Training bigger neural networks can be challenging when faced with accelerator memory limits. The size of the datasets being used by machine learning models is very large nowadays. For example, a standard image classification datasets like hashtagged Instagram contains millions of images. With the increasing quality of the images, the memory required will also increase. Today, the memory available on NVIDIA GPUs is only 32 GB.
Therefore, there needs to be a tradeoff between memory allocated for the features in a model and how the network gets activated. It is only understandable why the accelerator memory limit needs to be breached.
A deep neural network benefits from larger datasets as it alleviates the problem of overfitting. And, to run these ever growing networks, we need deep learning supercomputers such as Google TPU or NVIDIA’s DGX which enable parallelism by providing faster interconnections between the accelerators.
Today, an average ImageNet resolution is 469 x 387 and it has been proven that by increasing the size of an input image, the final accuracy score of a classifier increases. To fit the current accelerator memory limits, most models are made to process images of sizes 299 x 299 or 331 x 331.
The computing powers of the machines have seen a sporadic growth over the past few decades. High-performance computing can mean either improving application performance or harnessing thousands of cores to get many orders of magnitude speedups.
Parallelization The Intel Way
Reducing Workload With Xeon
For instance, graph algorithms consists of a lot of parallelism. A graph can be a structured representation of a dataset containing relationship between various elements where each is element is a vertex and relationships are the edges between two vertices.
With increasing availability of larger data sets , graph analytics are found to be quite significant in data center applications.
Since the topology of the graph is irregular, fetching attributes is challenging. And, how quickly they are fetched depends on the architecture of the processors. Traditional methods lead to underutilisation of computer and memory resources. The memory intensiveness and irregularity make graph based applications challenging for current processors.
This is where the parallelism of the graph algorithms can be exploited for faster fetching of attributes. This can be achieved with processors which enable more accessibility for the sparse memories while making good use of cache.
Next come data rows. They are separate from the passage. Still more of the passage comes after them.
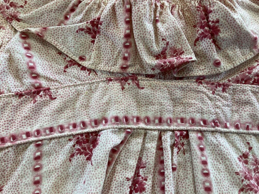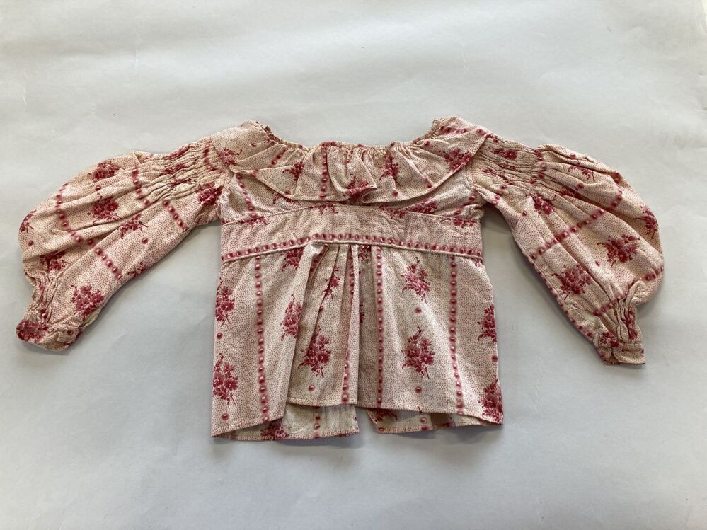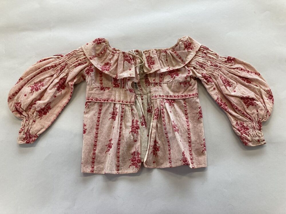 Meisjersjakje van bedrukte katoen, met schapenboutmouwen van roze gestippeld met boeketjes
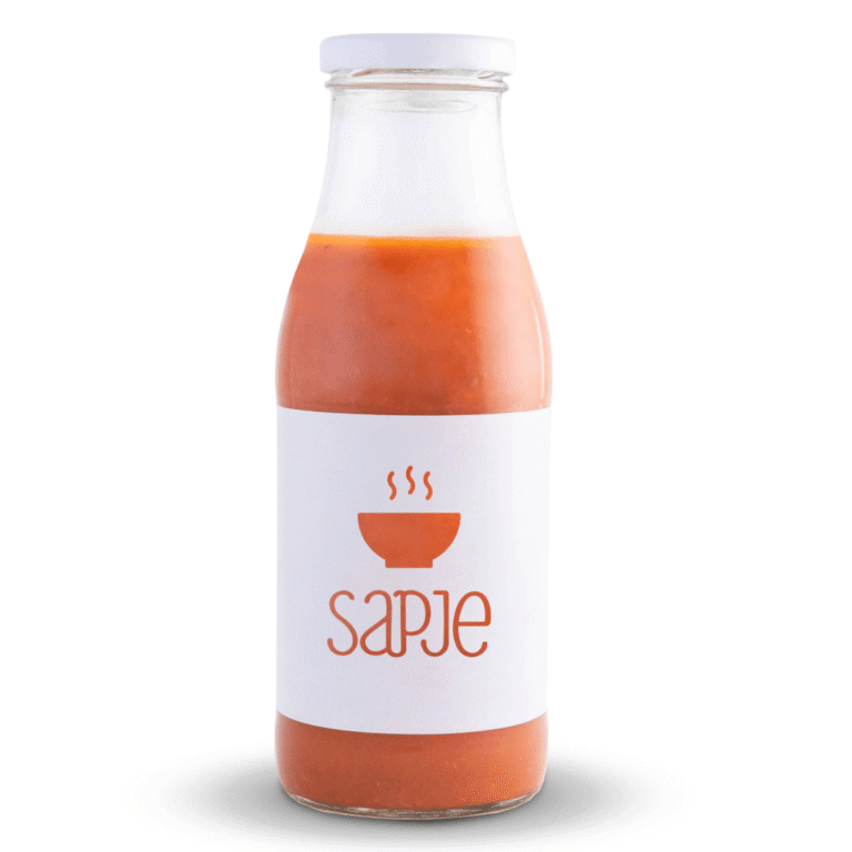 Groentebouillon, Rode paprika, Tomaat, Rode ui, Extra vierge olijfolie, Knoflook, Keltisch zeezout, Basilicum, Rode wijnazijn, Paprikapoeder, Gerookte paprikapoeder, Piment d’espelette, Venkelzaad
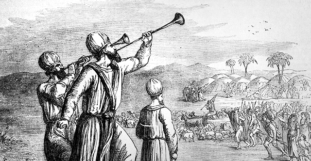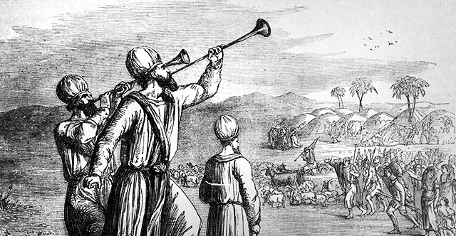 But then we learn that the signal of the divine cloud is not enough; God also calls for two silver trumpets. When a priest blows a single short blast, the leaders of the Israelites must assemble at the Tent of Meeting for instructions. A longer, trilling blast means that that the people must march.
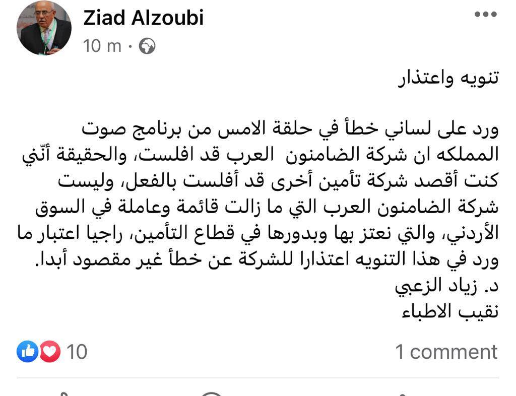 وجه نقيب الأطباء الأردنيين الدكتور زياد الزعبي اعتذاره لشركة الضامنون العرب، عن الخطأ الذي ورد على لسانه دون قصد.

Intel’s Xeon processors achieved speeds up to 5x for vector generations in graph based algorithms.
An example of this is, instead of looking for neighbors of the current front and checking whether they’ve already been visited (forward algorithm), all non-visited vertices are considered, and it is checked whether they are a neighbor of a vertex. Since there are more non-visited vertices(attributes) than vertices in the front, there’s more parallelism to make use of.
Parallelization With Numba
While continuously tweaking their hardware, Intel have had also released Python based frameworks and libraries to accelerate the deployment of deep neural nets.
Parallelism in Python is difficult and Intel plans to achieve this with Numba.
The Numba framework used just-in-time and low-level virtual machine compilation engines to create native-speed code.
The first requirement for using Numba is that your target code for JIT or LLVM compilation optimization must be enclosed inside a function. After the initial pass of the Python interpreter, which converts to bytecode, Numba will look for the decorator that targets a function for a Numba interpreter pass. Next, it will run the Numba interpreter to generate an intermediate representation (IR). Afterwards, it will generate a context for the target hardware, and then proceed to JIT or LLVM compilation.
Numba deals with both NumPy and SciPy and can also target the transcendental ufunc with its short vector math library(SVML)
import array
import random
from numba import jit
Check the rest of the code here
Next generation of AI technologies should be able to comprehend commands by working on the huge background of information in a fast paced environment. To make these machines smart, there is a great need for innovation on the hardware side while making them more energy efficient.